Friday, 20 February 2015

Pension plans of the rich and famous - which is best?

The Telegraph

If you thought a pension was too mundane for the rich and famous, think again. Britain’s millionaires have found a creative mix of venture capitalism, property investment and more traditional plans to save for retirement. 
Over the years, Telegraph Money has spoken to household names from the sporting, entertainment and business worlds about their finances. Read on to find out who successfully retired at 35 and why one actor has sworn against pension saving. And see the analysis, below, from the experts on whether they are doing the right thing. 
Virginia Wade won Wimbledon in 1977, when the prize money was £13,500, but the tennis star says that her real moment of luck was taking her pension out of Equitable Life before the company went bust. “I now have a substantial international portfolio and at this stage of my life I’m focusing on low-risk and high-return investments. My financial adviser proved invaluable when I had a couple of close calls with Lloyd’s of London and Equitable Life. 
“I was very lucky with Lloyd’s. My people didn’t like what was going on with one syndicate where the underwriters had taken themselves out, and swift reallocation of my assets minimised the effects.” 
Risky underwriting meant individual investors, or “names” were called upon to cover loses in the early Nineties with many facing financial ruin. 
Wade continues: “Likewise, most of my pension was in Equitable Life, but we took it out before the insurance company really went down the tubes. I was so fortunate because, of course, some people lost everything.” 

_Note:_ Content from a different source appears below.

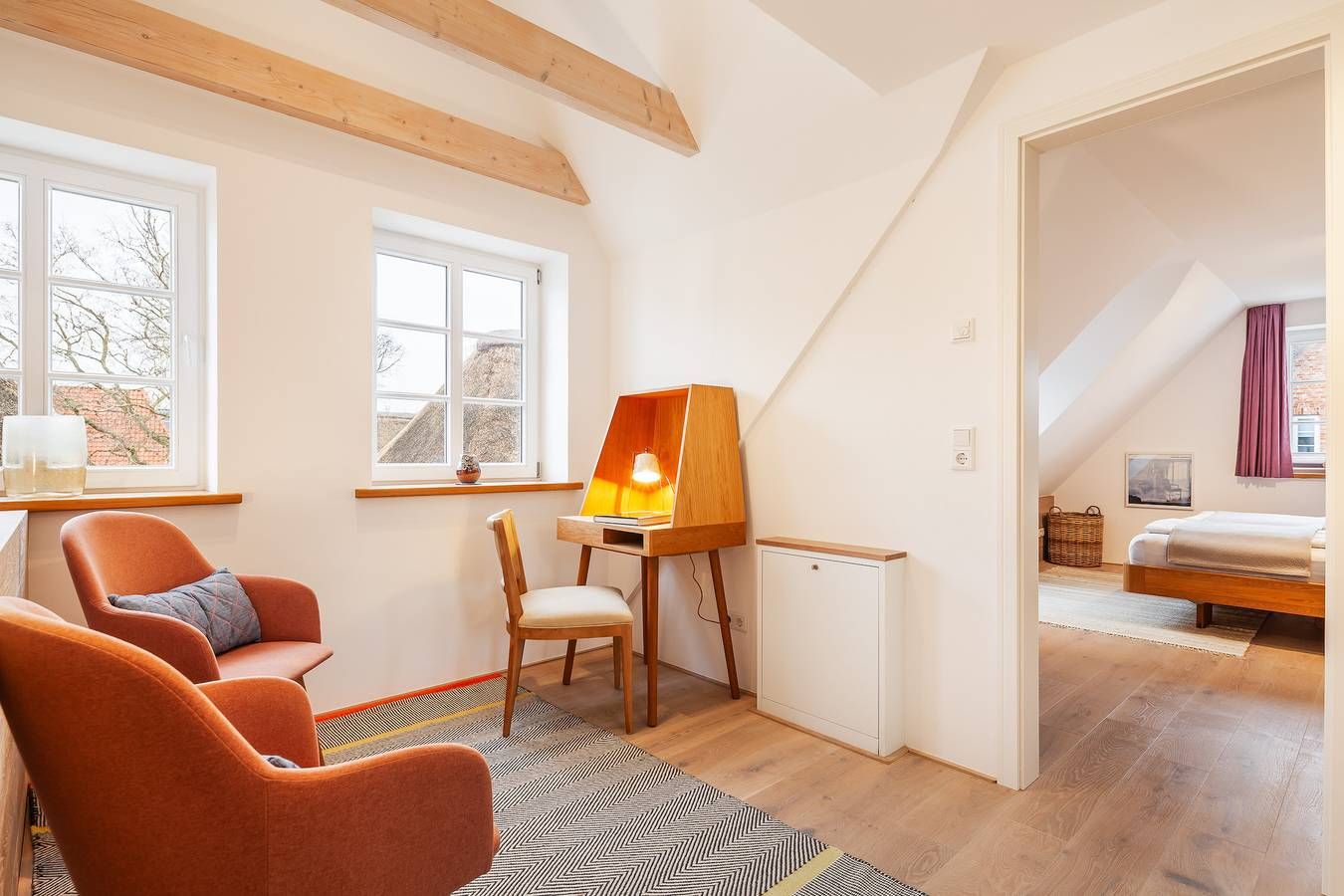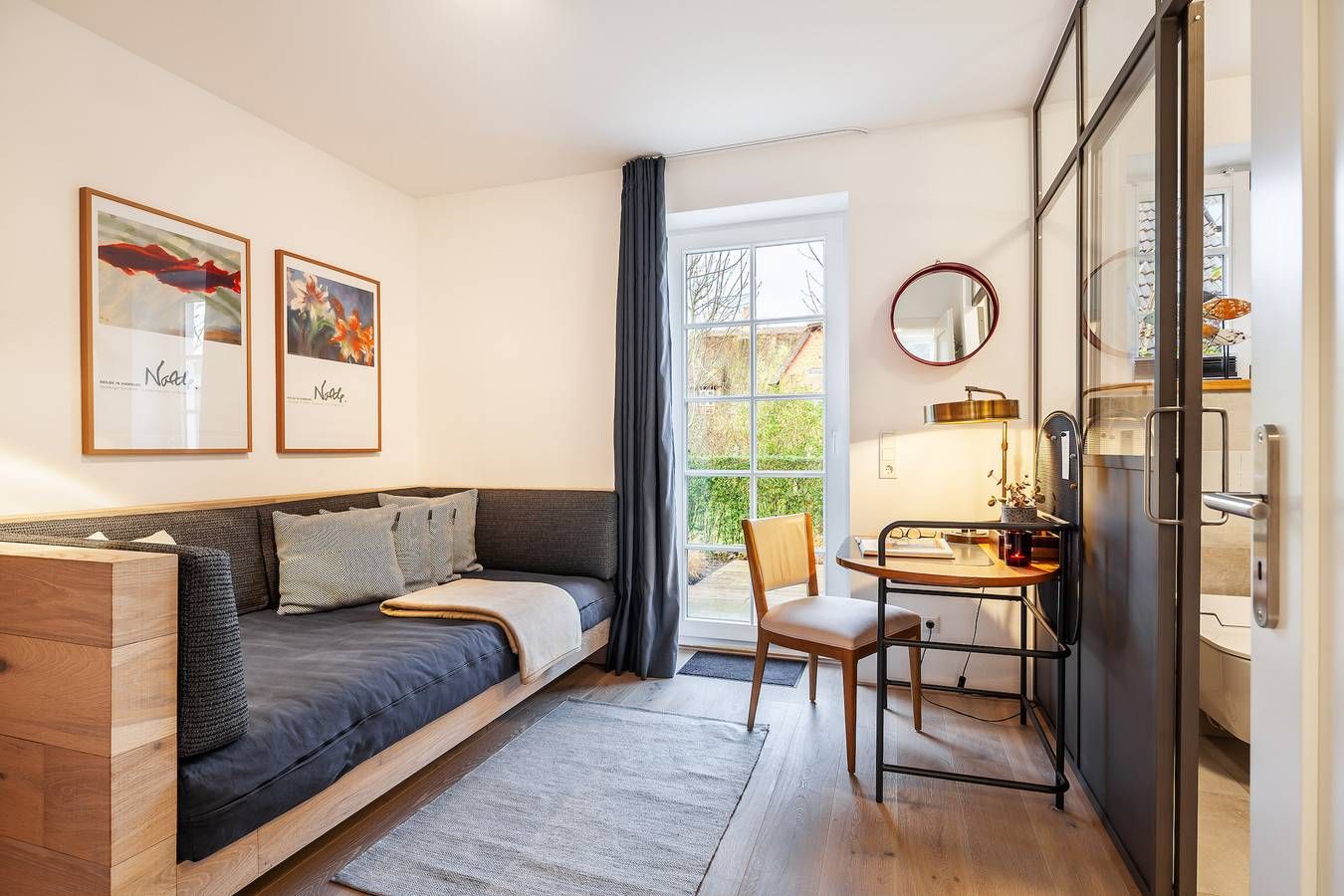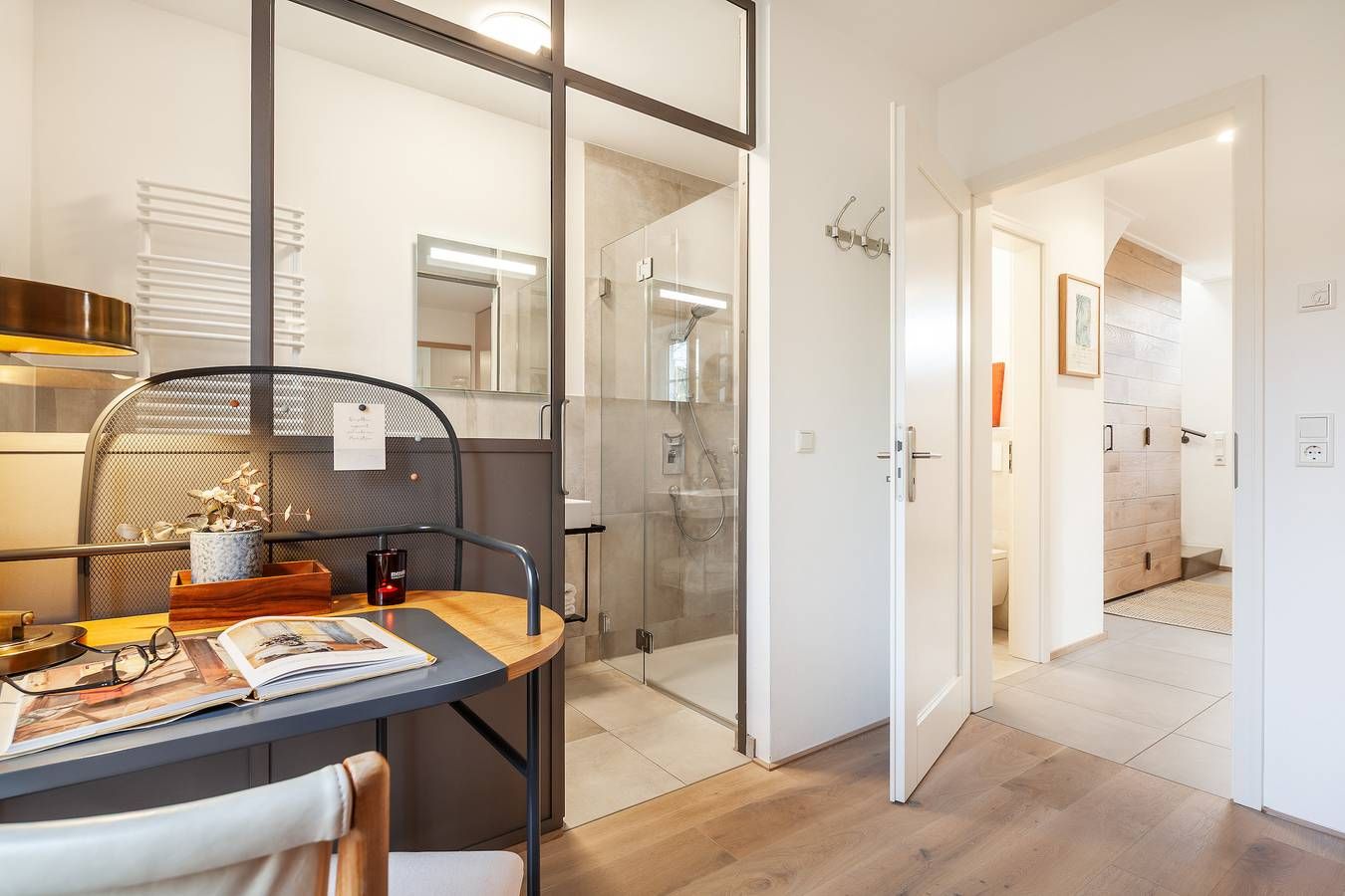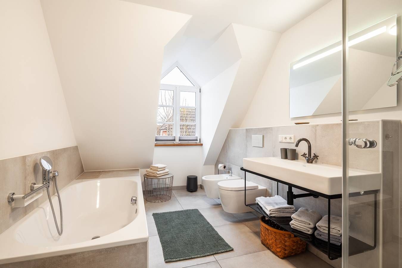 Ein besonderes Hausteil mit eigenem Eingang in ruhiger Lage erwartet Sie. Eichenparkett, hochwertiges Mobiliar, Holzelemente und Betonoptik bilden einen harmonischen Einklang. Im Erdgeschoss befinden sich der große Wohnbereich mit Zugang zur Terrasse, eine offene Küche mit Essbereich, ein Schlafzimmer/ Rückzugsort mit Dusche en suite sowie eine Gästetoilette. Über die Rohbetontreppe gelangen Sie in das Obergeschoss. Eine offene Galerie mit Schreibtisch, zwei Doppelschlafzimmer mit Fernseher und ein Bad mit Wanne und Dusche erwarten Sie hier. Der eingewachsenen Garten mit Mobiliar sowie ein Parkplatz und ein Schuppen stehen für Sie zur Nutzung bereit. In der Gartenhütte sind zwei Fahrräder und ein Bollerwagen zur freien Nutzung untergebracht.

Now 40, former Wales captain Gareth Thomas earned 100 Test caps and retired in 2011. He’s hung up the rugby kit but has recently appeared in Celebrity Big Brother and Dancing on Ice
He’s also now a pensioner, thanks to saving into a private pension as a teenager and being able to take advantage of rules that mean sports people can retire at the age of 35 (see right). Having had a peak salary of £285,000, he was able to accumulate a decent-sized pot. It’s a long way from his early life working in a factory in Bridgend, South Wales, aged 16. “When I became professional at 18 I went from £135 from working in the post office and £10 for rugby a week to £25,000 a year. It was a very big time for pensions so my parents encouraged me to put as much into mine as I could.” 

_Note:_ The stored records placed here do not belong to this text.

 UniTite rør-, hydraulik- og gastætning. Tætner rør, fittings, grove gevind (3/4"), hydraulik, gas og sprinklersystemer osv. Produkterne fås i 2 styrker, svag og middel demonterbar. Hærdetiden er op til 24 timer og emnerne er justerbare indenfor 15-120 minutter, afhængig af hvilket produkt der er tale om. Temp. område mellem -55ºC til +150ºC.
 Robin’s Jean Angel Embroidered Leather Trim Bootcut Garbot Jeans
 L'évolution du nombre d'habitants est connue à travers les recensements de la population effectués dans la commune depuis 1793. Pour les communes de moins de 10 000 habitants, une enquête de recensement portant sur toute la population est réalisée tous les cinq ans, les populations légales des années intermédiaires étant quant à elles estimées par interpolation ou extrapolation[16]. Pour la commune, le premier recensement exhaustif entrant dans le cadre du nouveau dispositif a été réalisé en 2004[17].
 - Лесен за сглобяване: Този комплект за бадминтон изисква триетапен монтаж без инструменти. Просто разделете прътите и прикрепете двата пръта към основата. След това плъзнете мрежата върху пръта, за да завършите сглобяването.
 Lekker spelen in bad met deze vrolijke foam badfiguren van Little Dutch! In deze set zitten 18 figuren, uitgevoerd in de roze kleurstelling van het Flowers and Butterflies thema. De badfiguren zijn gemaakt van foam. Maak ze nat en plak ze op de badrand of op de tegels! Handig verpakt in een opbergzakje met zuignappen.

As a panellist on BBC Two’s Dragon’s Den for nine years, you would expect Theo Paphitis to have a good handle on numbers and financial planning. 
He made his money from property finance and telecoms but mostly from retail, namely the lingerie chain La Senza, which he sold in 2006 for £100m. He is estimated to be worth a total of £250m and lives in Weybridge, Surrey, 
“I have both a personal pension and a long-term financial strategy,” he says. “I set up a pension when it was prudent to because of the tax-relief schemes at the time. I am not planning to retire any time soon, though [he is 55]. I am very fortunate, my personal wealth, my financial investments whether they be material, property or financial, God willing, should see me and Mrs Paphitis off to our nursing home quite comfortably. I have a balanced portfolio. I have properties, stocks and shares ... cars, you name it. I don’t follow the stock market personally.”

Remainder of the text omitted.